Depends what you call a good set up, I used to be well into my ICE, mistake many used to do was throw in an amp and rear speakers as the 1st port of call, mistake what low frequencies are practically possible in a car, forget to update the front sound stage and of course think that pedistrians and other road users share the same taste as their music collection  
anyways things have moved on since I was last into it and prices should have dropped, i'd be lucky to get a ton for my old system which was nearer 700 when purchased and that is cd, dsp and head unit, amps are another episode.
£400 should get you something but it depends where you are going to improve 1st.


----------



## AndyNI (Jun 2, 2009)

I lookin to improve bass most of all, the speakers i have up front in my car are good enough imo, but I've no rear speakers so I'd be lookin some. Hadn't even considered a head unit.


----------



## Jason123 (Feb 11, 2011)

You get what you pay for with things like this Alpine and JL Audio is the brands i used to lean towards - http://www.caraudiodirect.co.uk/ - this website is good but stay away from budget Halfrauds rubbish, invest in good quality cabling


----------



## Avanti (Jan 17, 2006)

AndyNI said:


> I lookin to improve bass most of all, the speakers i have up front in my car are good enough imo, but I've no rear speakers so I'd be lookin some. Hadn't even considered a head unit.

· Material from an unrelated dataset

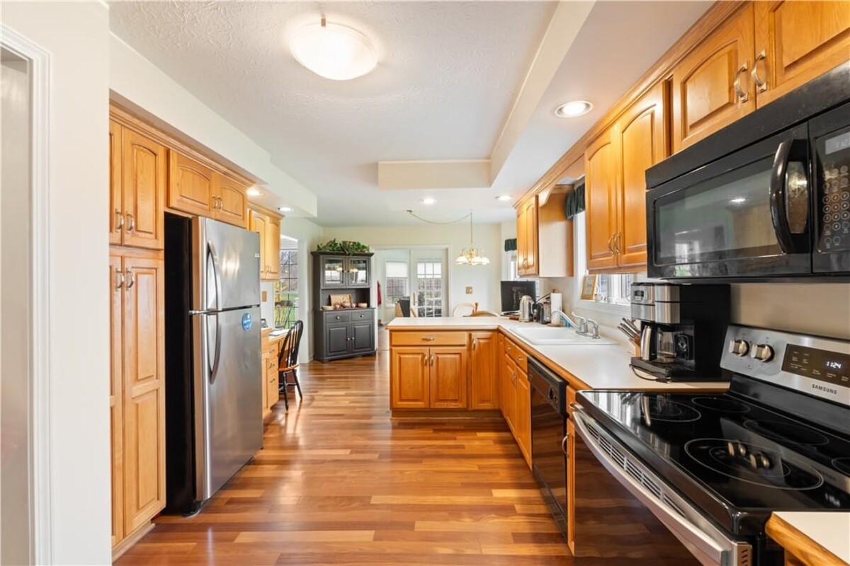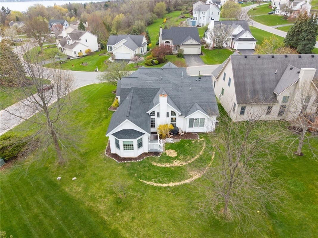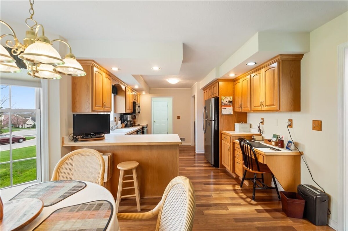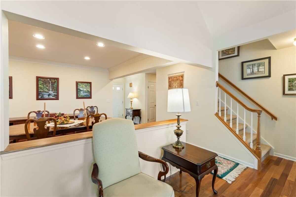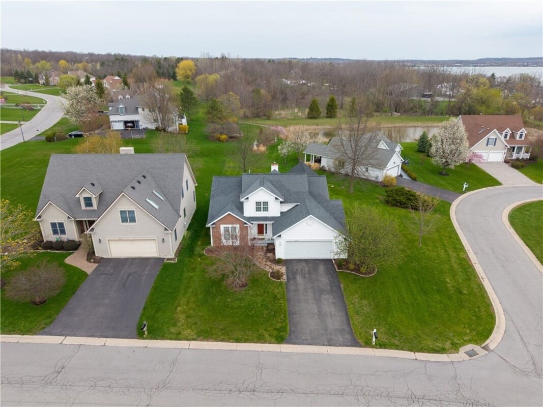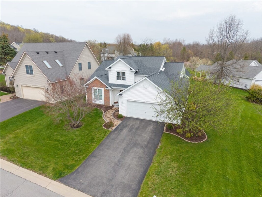 Welcome to this inviting 3 bedroom, 3 full bath beautiful home. Enjoy first floor living with extra bedroom and bathroom on second floor for guests. Beautiful bright livingroom, pop out windows in kitchen/sitting area where you can enjoy a cup of morning coffee and enjoy the view. Beautiful new 4 season room off the kitchen with gas fireplace (additional 260 sq. feet). The formal living room features a cozy fireplace that flows into a spacious dining room and kitchen perfect for holiday gatherings. Vaulted ceilings and ample windows bring in the natural light. Stunning teak hardwood floors. On demand hotwater tank. Kitchen offers spacious counterspae for cooking and baking. Primary bedroom offers its own full bathroom on the first floor. Enoy the space of a 2 story home with all you need on one floor. The 2 car garage gives you not only space for 2 cars but added room for storage and direct access into the home. HOA covers mowing and treating of common grounds, maintain the ponds.

It will be easy to improve bass and for not too much £££s, If you are handy with woodwork, you can make your own sub enclosure, you won't have to worry about amps with Sigma feedback and high damping factors if you are leaving the front speakers as is


----------



## Avanti (Jan 17, 2006)

Jason123 said:


> *You get what you pay for with things like this *Alpine and JL Audio is the brands i used to lean towards - http://www.caraudiodirect.co.uk/ - this website is good but stay away from budget Halfrauds rubbish, invest in good quality cabling


JL now that brings back memories, you get what you pay for is a line I do not usually buy into, however when it comes to subs, the good ones with die cast chassis and butyl rubber are never cheap , for what the Op wants to achieve I would imagine any main brand will see him good.


----------



## AndyNI (Jun 2, 2009)

Maybe it'd be easier to buy the bits myself then just get someone to do the install, its a new car so don't fancy taking trim and stuff apart myself.


----------



## Avanti (Jan 17, 2006)

AndyNI said:


> Maybe it'd be easier to buy the bits myself then just get someone to do the install, its a new car so don't fancy taking trim and stuff apart myself.


It depends who that someone maybe, car audio places usually like to fit what they supply, depending on the car for install it maybe DIY, until I had my Mk4 Golf, I would happily strip an interior to lay cabling and new looms, but now my amps and sub sit quietly 

These were 3 examples I designed and made


----------



## TimGTi (Jul 11, 2008)

I'd recommend going for some front component speakers, a small sub and a 4 channel amp. For cheap sounds i'd lean towards JBL gear, good bang for small bucks. A grand is more realistic for a starter 'quality' system including a reasonable headunit. Going second hand can lower your spend, see talkaudio.com for starters. :thumb:


----------



## ConorOH (May 3, 2010)

Audio advice in Portadown would probably be you're best option. Very knowledgeable staff and don't seem to push the expensive stuff if you don't need it. I've got all my ICE from them and installed it myself.
They have a website(here) and seem to be competitively priced.

There are a few others (Sound In Motion for example) but have no experience with them.

Hope that helps a little.


----------



## The Cueball (Feb 8, 2007)

Another vote for Audio Advice...

They have done a few cars for me now (the Scottish branch)...and the work has been superb...

Not sure how far £400 will go...I ended up about £3k on mine (give or take :wall

:thumb:


----------



## v8will (Aug 4, 2008)

I have a couple of 12" Polk Momo subs + box, power cap etc ready to go for sale. Perfect condition and I would'nt be looking for much

Probably could help with front speakers, I'd had some 6.5" Polks in my old Golf but they are bloody massive.

Can post pics if your interested at all.


----------



## AndyNI (Jun 2, 2009)

Cheers for all the advice, I had a sub n components in an old car of mine, but I done all the wiring etc to a rubbish standard that's why Im looking a pro to do it. I'll have to check the place in portadown out, maybe monday, to get a better idea of prices and what all I need.


----------



## M4hood (Sep 21, 2010)

ICE man in Bangor have done several custom installs for me and their work has been superb. and might be a bit handier than heading to portadown


----------